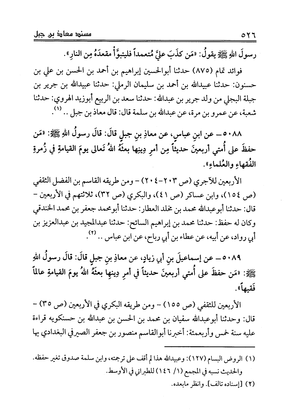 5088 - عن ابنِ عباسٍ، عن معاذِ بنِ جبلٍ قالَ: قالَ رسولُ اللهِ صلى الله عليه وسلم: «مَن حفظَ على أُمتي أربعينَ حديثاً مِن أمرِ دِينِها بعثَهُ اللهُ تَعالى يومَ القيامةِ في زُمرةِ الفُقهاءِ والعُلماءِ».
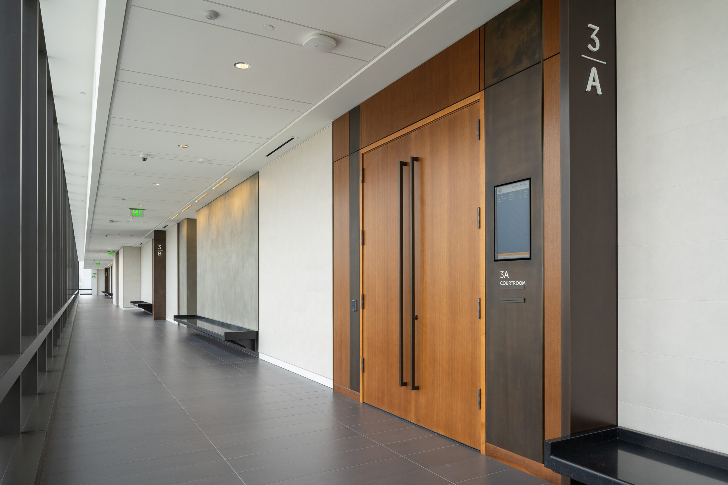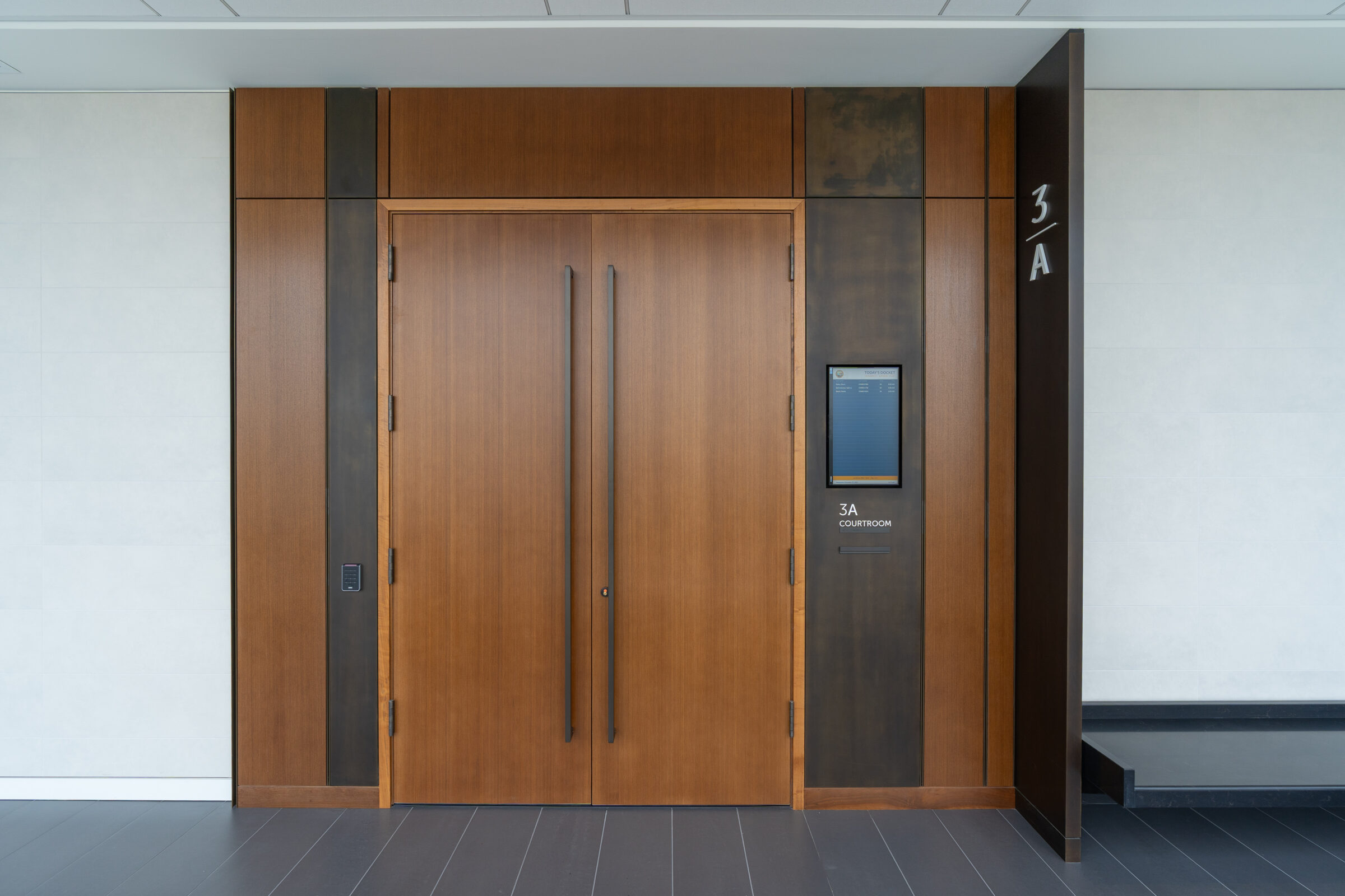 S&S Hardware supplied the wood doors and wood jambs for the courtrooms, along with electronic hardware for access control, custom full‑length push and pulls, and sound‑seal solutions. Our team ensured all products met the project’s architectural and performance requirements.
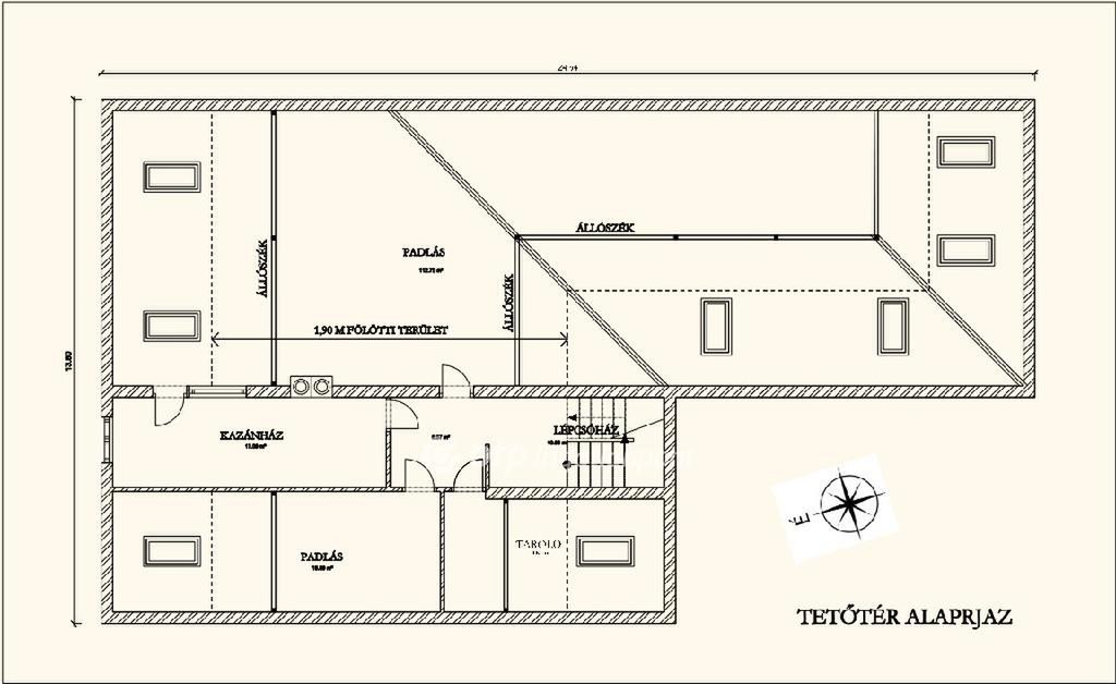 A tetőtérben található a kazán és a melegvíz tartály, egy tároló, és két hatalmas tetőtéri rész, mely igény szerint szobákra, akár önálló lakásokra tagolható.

==

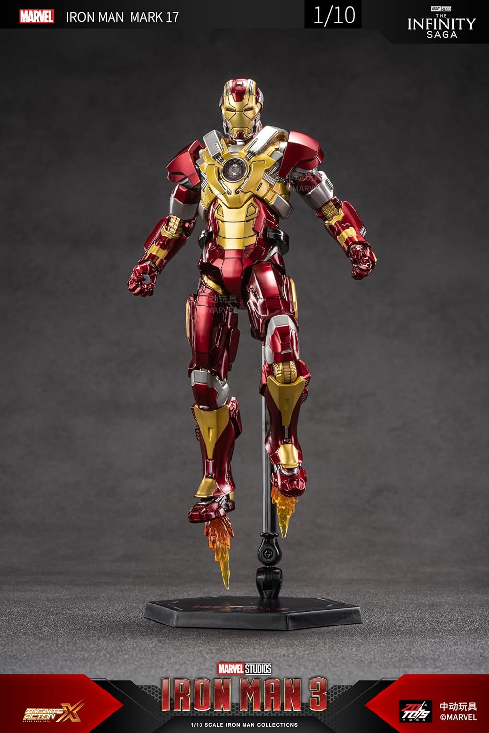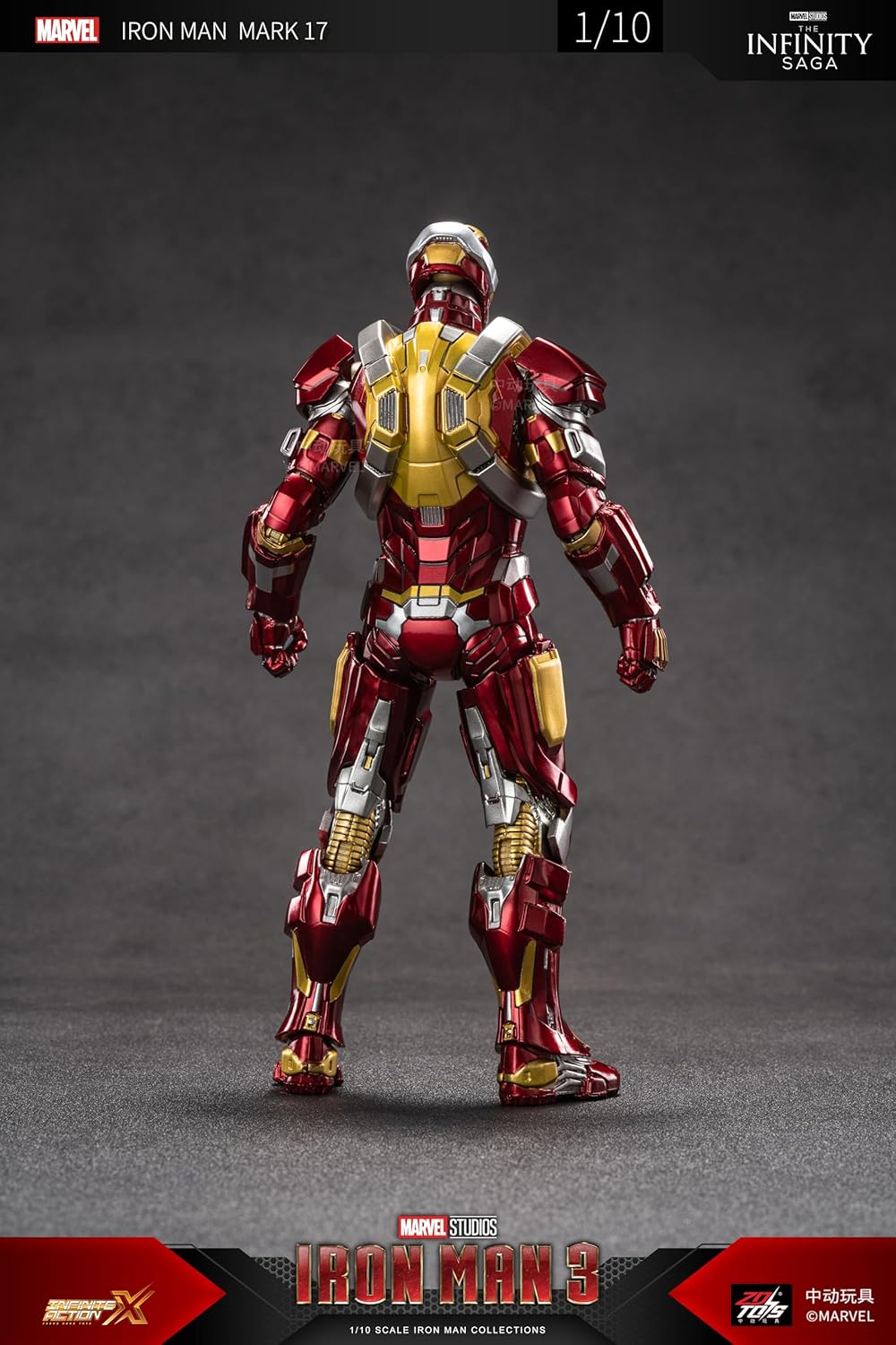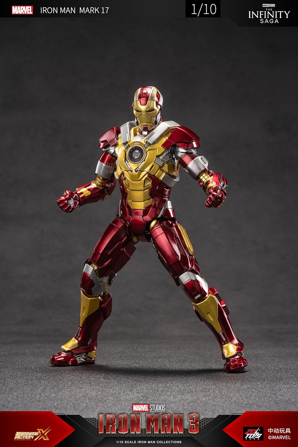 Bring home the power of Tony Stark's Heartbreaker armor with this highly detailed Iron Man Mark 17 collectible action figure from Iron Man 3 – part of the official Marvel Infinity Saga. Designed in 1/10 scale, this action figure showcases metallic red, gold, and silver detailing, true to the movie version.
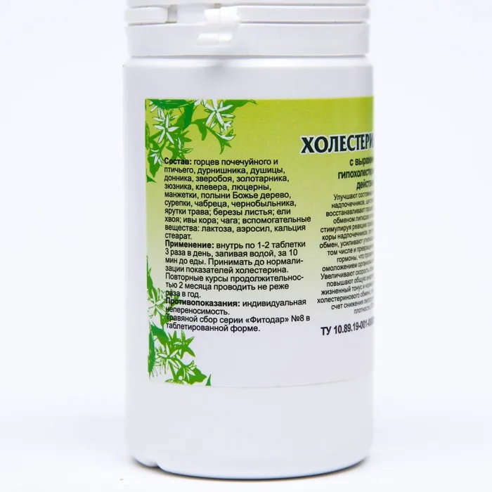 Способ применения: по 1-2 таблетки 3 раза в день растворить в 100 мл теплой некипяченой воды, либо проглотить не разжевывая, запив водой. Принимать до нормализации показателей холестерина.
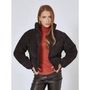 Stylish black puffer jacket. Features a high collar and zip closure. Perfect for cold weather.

WORK ITEM: From the records above, write out exactly the lines that begin at the line with "5088 - عن ابنِ" and end at the line with "A tetőtérben található". Pictures must not appear in the output.

THE COMPLETED TASK:
 5088 - عن ابنِ عباسٍ، عن معاذِ بنِ جبلٍ قالَ: قالَ رسولُ اللهِ صلى الله عليه وسلم: «مَن حفظَ على أُمتي أربعينَ حديثاً مِن أمرِ دِينِها بعثَهُ اللهُ تَعالى يومَ القيامةِ في زُمرةِ الفُقهاءِ والعُلماءِ».
 S&S Hardware supplied the wood doors and wood jambs for the courtrooms, along with electronic hardware for access control, custom full‑length push and pulls, and sound‑seal solutions. Our team ensured all products met the project’s architectural and performance requirements.
 A tetőtérben található a kazán és a melegvíz tartály, egy tároló, és két hatalmas tetőtéri rész, mely igény szerint szobákra, akár önálló lakásokra tagolható.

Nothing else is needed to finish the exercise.